The animal was found dead beneath the nets of a salmon pen. Due to the logistics involved in recovery it was around 36 hours after discovery before the animal could be post mortemed, however it was still in relatively fresh condition and therefore a reasonably confident diagnosis could be reached. The post mortem findings are consistent with a peri-weaning, maternally-attached animal which underwent an acute death. The observed pathology and stranding history would be consistent with the whale becoming trapped beneath a salmon pen and subsequently drowning.

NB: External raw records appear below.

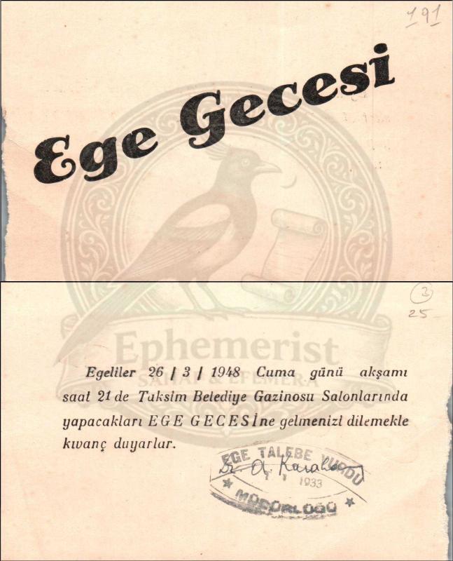 Ege Gecesi davetiyesi. Taksim Belediye Gazinosu, 1948. (Orijinal Belge, S/B, 1948, 9x14 cm.), en son bir ay önce güncellenmiştir.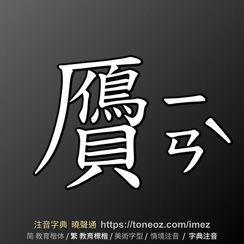 贗,注音ㄧㄢˋ,拼音yàn,辭典解釋為:假的、偽造的。例:贗品、贗本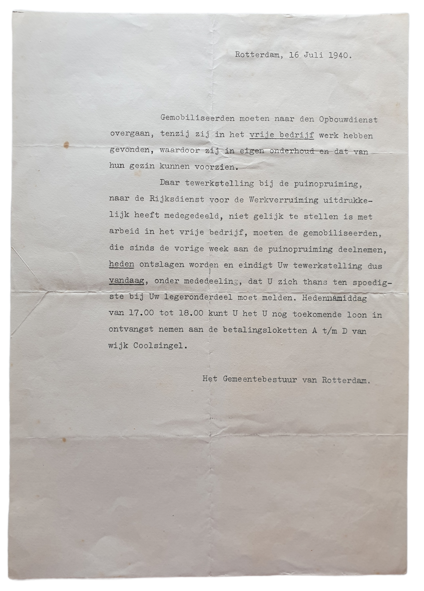 Opbouwdienst - letter Rotterdam 16th of July 1940 about helping clearing up debris after the bombardment of Rotterdam.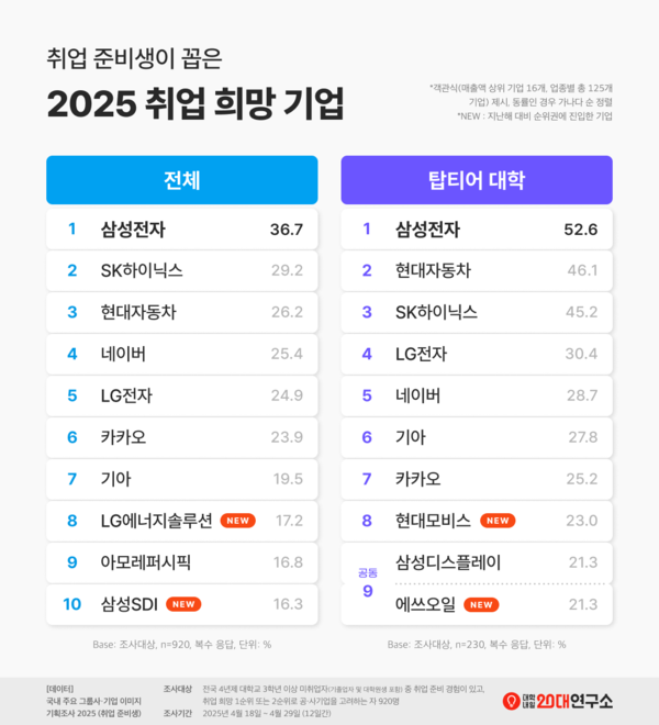취업 희망 기업 1위 삼성전자… 탑티어 대학서 현대모비스·에쓰오일 순위권 진입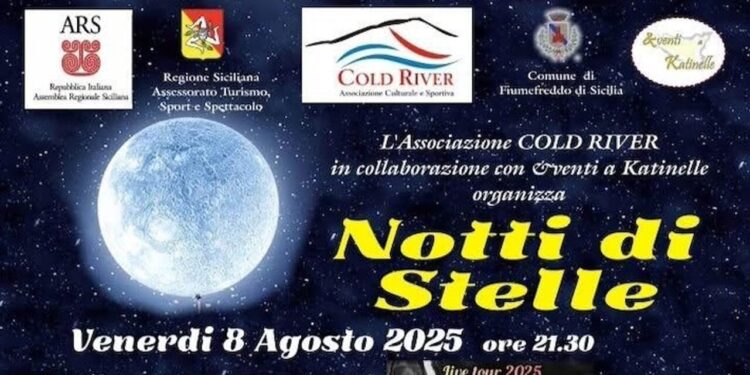 Dal 8 al 10 agosto 2025, la Villa Comunale di Fiumefreddo di Sicilia ospiterà la rassegna estiva “Notti di Stelle”, organizzata dall’associazione culturale e sportiva Cold River, con il patrocinio del Comune, dell’Assemblea Regionale Siciliana e dell’assessorato regionale al Turismo, Sport e Spettacolo. Tre serate pensate per coinvolgere residenti e turisti all’insegna della musica, della comicità e dello spettacolo. L’ingresso è gratuito e aperto a tutti, per un evento che si propone come momento di aggregazione e valorizzazione del territorio.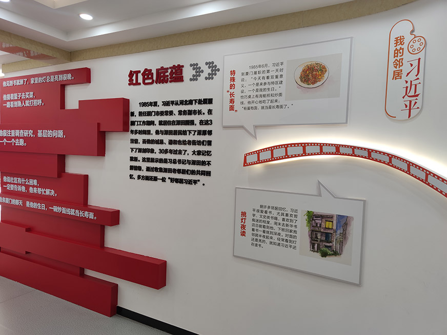 在政治生活館內,從特別的“長壽面”、簡樸的婚禮、一張手寫明信片等一件件溫馨事跡,從觀看《我的鄰居習近平》錄像片到聽小朋友生動講述習爺爺?shù)墓适?,?ldquo;我可以叫你小習嗎”“伊是阮的好厝邊”及“深田讀冊歌”等小片段中,讓我們仿佛看到了當年習近平總書記入鄉(xiāng)隨俗、與深田居民一起嘮嘮嗑、拉家常的生活場景,直觀感受了習近平總書記平易近人、誠懇謙和、勤奮好學的優(yōu)秀品格以及一心為民、清廉務實的工作作風。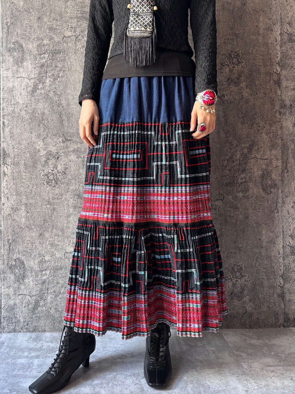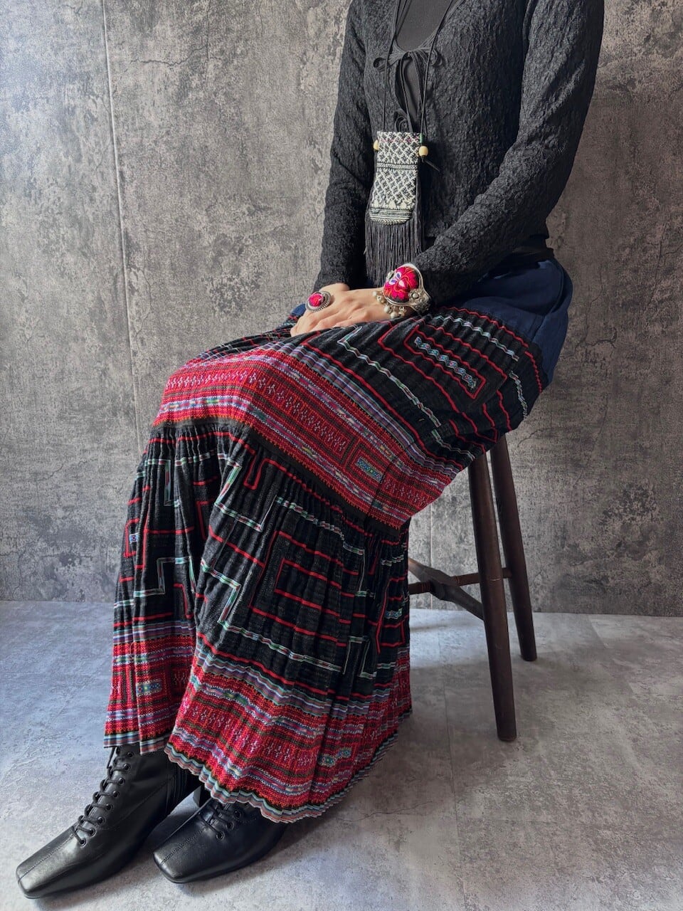 モン族の巻きスカートをリメイクした、ロングスカートです。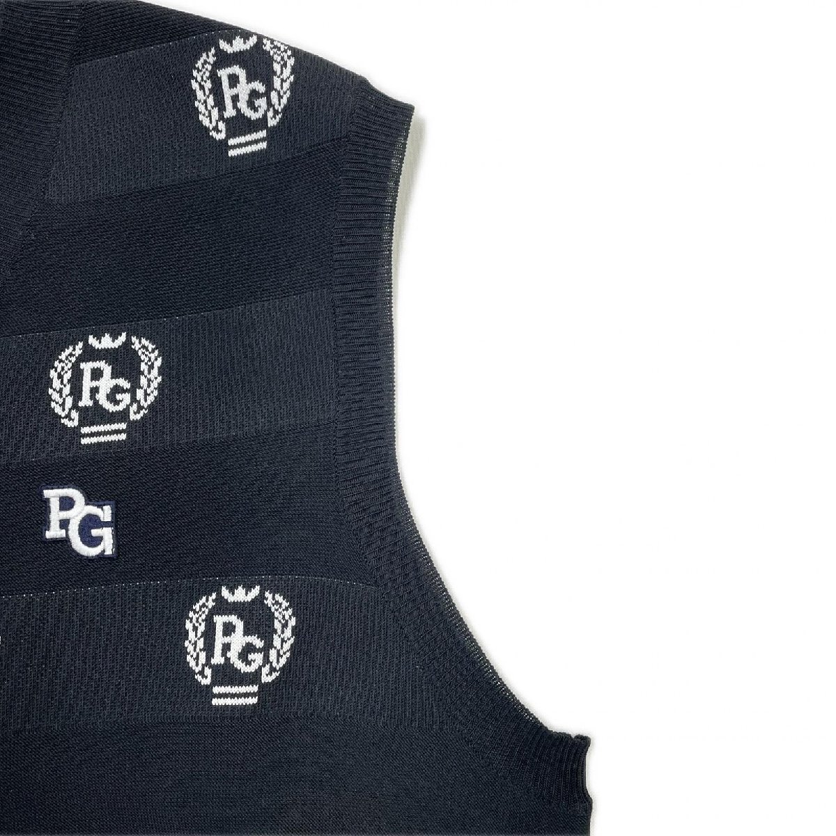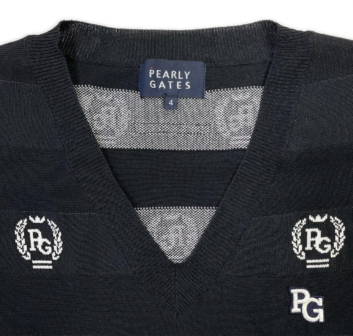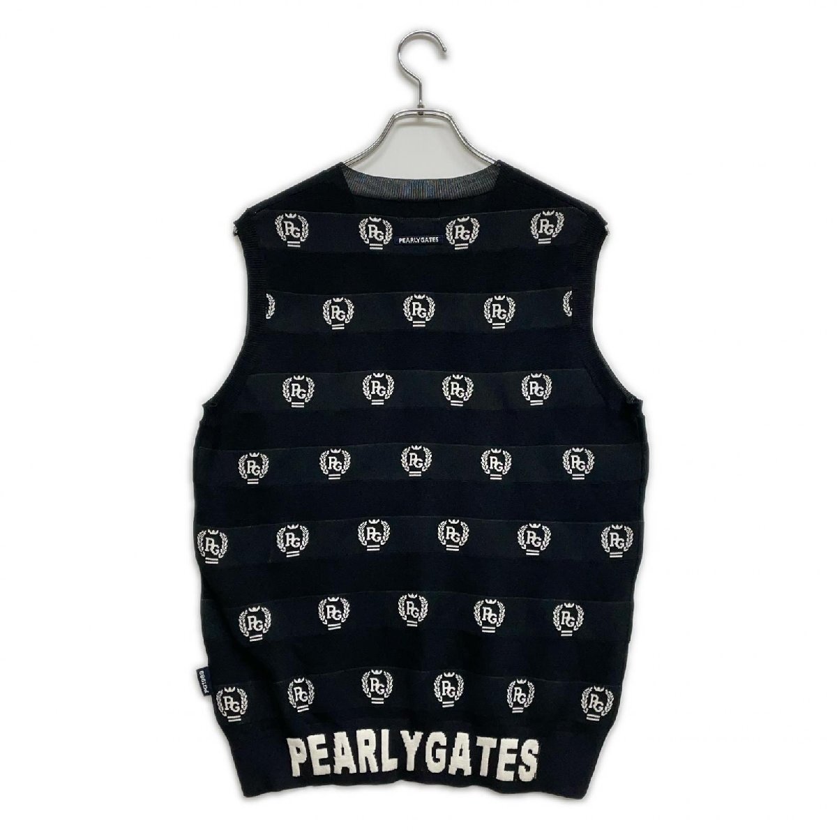 coco 中古 パーリーゲイツ PEARLY GATES メンズ ベスト 4(M) 黒 ブラック Vネック 薄手 ニット ボーダー 総柄 ネコポス発送可 K024475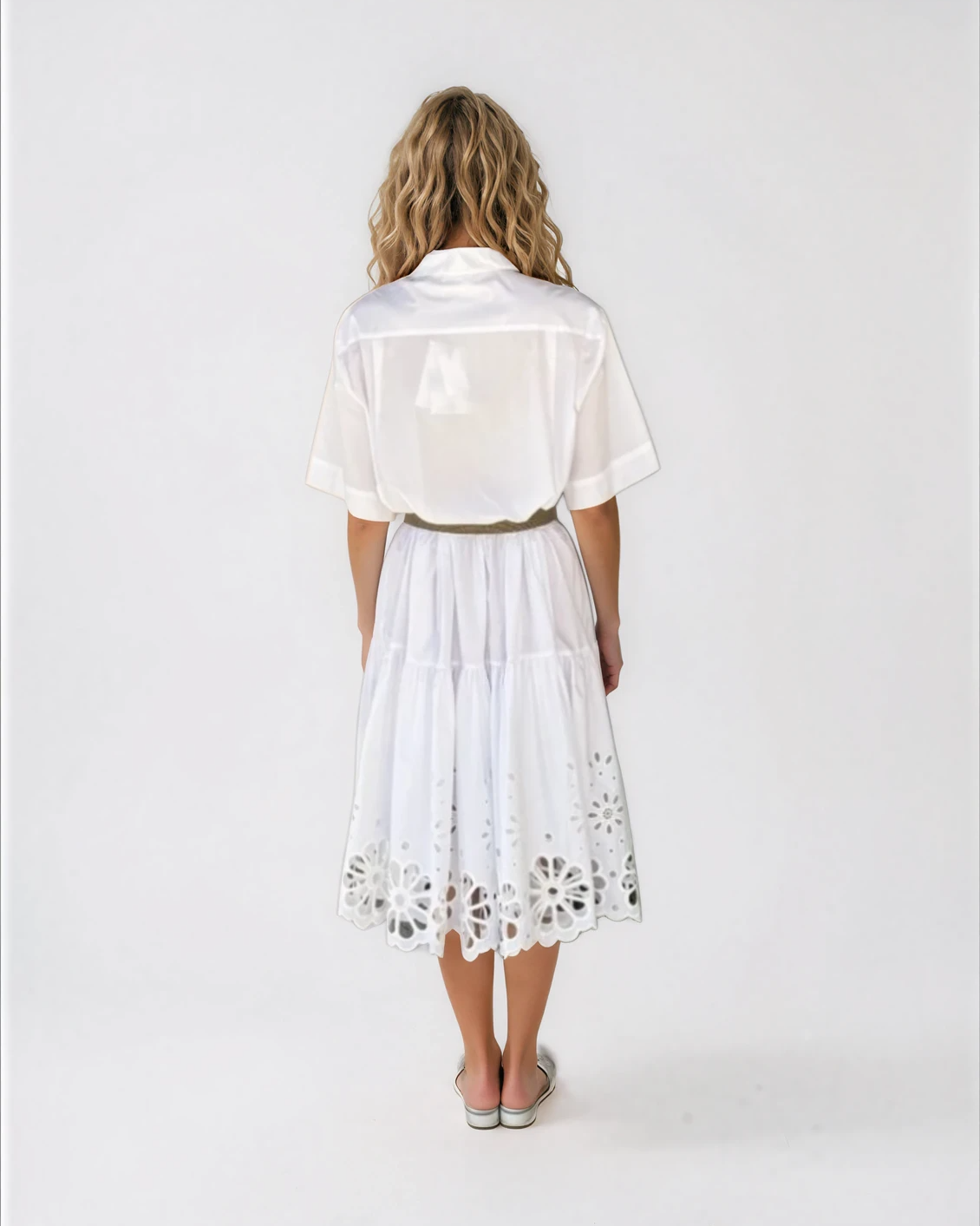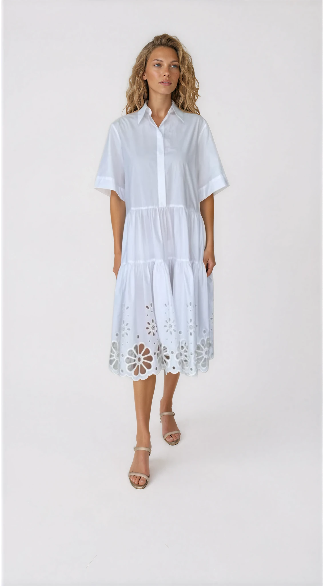 Effortlessly elegant and perfect for warm-weather days, this crisp, white cotton midi dress features a relaxed shirt silhouette with a softly tiered skirt that creates beautiful movement and volume. The hem is finished with intricate floral eyelet embroidery, adding a feminine and artisanal touch.

The report also notes that young humpback whales are very inquisitive creatures which could explain why the animal was attracted to the salmon farm located at Fishnish on Mull.

Andrew Brownlow, Head of the Stranding Scheme, says: “It is obviously very unfortunate when marine animals become entangled in this way, but it is thankfully still a relatively rare occurrence. We are still running tests on this case to investigate if there was any underlying reason which could explain this quite unusual behaviour, however it is possible this was simply a young, inquisitive, maybe hungry animal who took a wrong turning.”

All dead strandings should be reported to the Scottish Marine Animal Stranding Scheme. The strandings project was set up in 1992, led by SRUC, funded by Marine Scotland and supported by National Museums Scotland. The project aims to collate, analyse and report data for all marine mammals (cetacean and seals), marine turtle and basking shark strandings.